## Thursday, October 23, 2008

### Is Octave Slow?

The answer, like most things worth asking the question about, is "Well, it depends..."

I'm not going to talk about "computer time" vs. "programmer time"; though that's probably one of the most important considerations most of the time (check out Paul Graham's essays if you need convincing). I'll just talk about what takes a long time to compute in Octave, and what trade-offs can be made to improve the situation. We'll dwell mostly on the first tip from the Octave Manual (you'll see it's first for good reason). The other important thing to do is always allocate memory before looping over a vector (eg. x=zeros(n,1)).

Suppose we have a simple re-sampling problem. We would like to estimate the sampling distribution of a statistic of our data. The data could be a simple vector of 1 or 0 representing success or failure of a trial, and we want to estimate the probability of success.

x = [1,1,1,1,1,1,1,1,1,1,1,1,0,0,0,0];

One method to solve the problem would be to use a for loop:

X = empirical_rnd(N,x); % get a bootstrap sample from x
for(j=1:10) % timing loop, measure a couple times to get an idea of the
% variation
tic();
for( i=1:N-n ) % loop over the bootstrap samples
p(i) = sum( X(i:i+n-1) )/n;
endfor
fortime(j)=toc();
endfor

With N=20000, this takes 1.09 seconds on my old laptop, that seems kind of slow. The sampling distribution for the probability of success is shown in the figure below.

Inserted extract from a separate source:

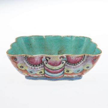 China, wohl Ende 19. Jahrhundert. Porzellan, glasiert, polychrom bemalt. H. 7 cm. Rote Aufglasur-Bodenmarke. Leicht best. Trapezförmige Schale mit gewelltem Rand. Innen und auf dem Boden türkis glasiert, die Wandung mit polychromem Dekor.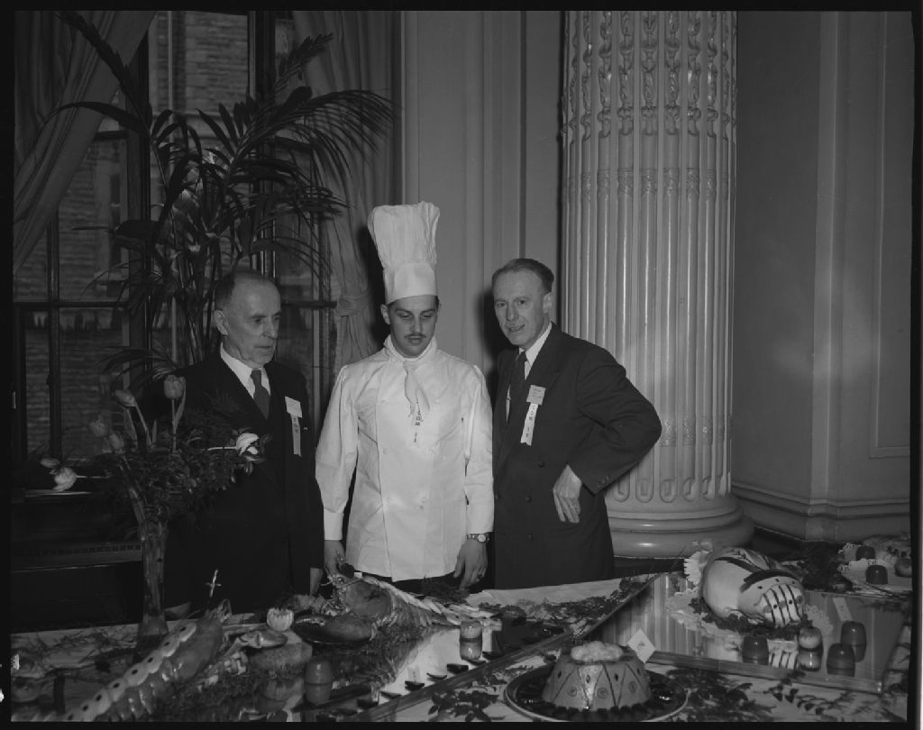 Salon culinaire tenu au Café du Parlement, Québec, 1955, Archives nationales à Québec, Fonds Ministère de la Culture et des Communications, (03Q,E6,S7,SS1,D2496,P567-55H), Neuville Bazin.

It is always a good idea to vectorize what you can when in Octave, so the method below does just that.

X = empirical_rnd(x,N,n);
for(j=1:10)
tic();
P = sum(X,2)/n;
vecttime(j) = toc();
endfor

With n=20000, this takes 0.009 seconds on the same old laptop, that's a speed-up of 2 orders of magnitude!

Well, those are trivial examples of vectorizing a calculation to avoid the dreaded for-loop. What happens when subsequent calculations depend on the results of previous iterations?

tic();
p1(1) = 0;
for(i=2:N)
t = t + dt;
p1(i) = p1(i-1)+dt*2*t;
endfor
toc()

This loop integrates x*x numerically, with N=20000 it takes ~0.75 seconds. We can't vectorize, so how do we speed it up? Octave has some good sparse matrix capabilities, maybe we could recast the problem as a sparse matrix solve.

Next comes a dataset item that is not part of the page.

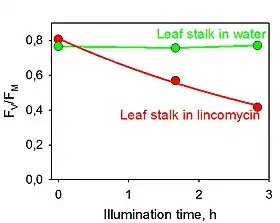 - 1 2 Tyystjärvi, E & Aro, E-M (1996). "The rate constant of photoinhibition, measured in lincomycin-treated leaves, is directly proportional to light intensity". Proceedings of the National Academy of Sciences of the USA. 93 (5): 2213–2218. Bibcode:1996PNAS...93.2213T. doi:10.1073/pnas.93.5.2213. PMC 39937. PMID 11607639.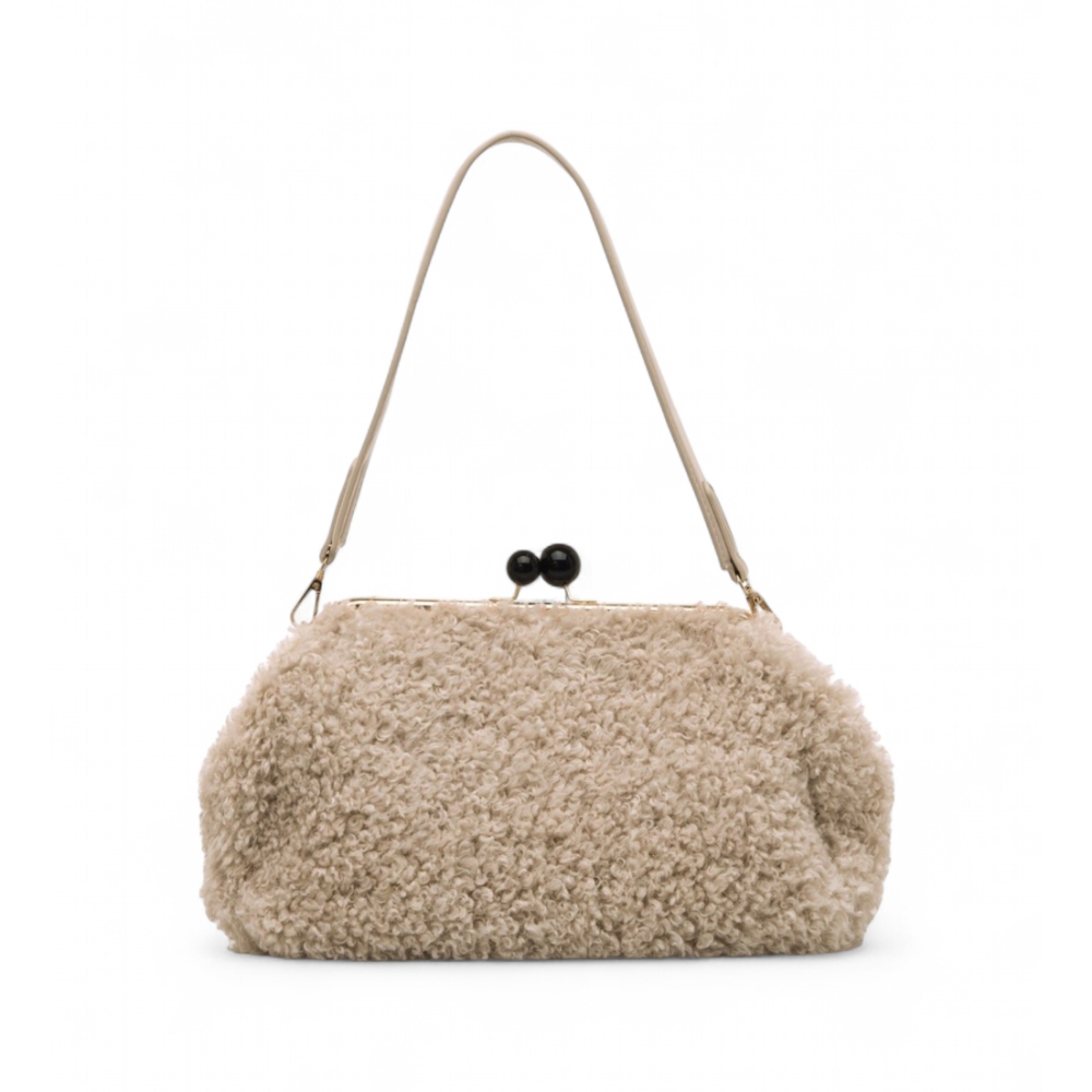 Bolso de mano para mujer de Mariamare, modelo Bolla de color hueso. Destaca por su textura con acabado efecto borreguillo que aporta un toque original y chic. Su diseño grande con estructura metálica dorada y cierre tipo kiss-lock con esferas negras evoca un estilo retro renovado. Dispone de un asa corta del mismo tono que ofrece comodidad para poder llevarlo al hombro o en la mano. Una opción elegante para completar tus looks.

Now we are trading memory for speed. In the for-loop implementation we just have to store the vector p. If we want to use Octave's sparse matrix facilities we need to store the two diagonals of our operator, so that roughly triples the memory requirements. Given the enormous size of modern computer memory, most toy problems should fit (if your problem doesn't fit, why are you still using Octave?).

tic();
A = spdiag( ones(N,1), 0 );
A = A + spdiag( -ones(N-1,1), -1 );
p2 = A\(dt*2*t);
toc()

The direct solution of the simple bi-diagonal system, with N=20000 takes ~0.019 seconds, better than 2 orders of magnitude speed-up over the for-loop implementation. For more complex sparse operators one of the iterative schemes might be appropriate.

The moral: if your problem is small enough to fit into memory, cram it all in and don't use for-loops!

Is Octave slow? Well, it depends, if you use for-loops it is.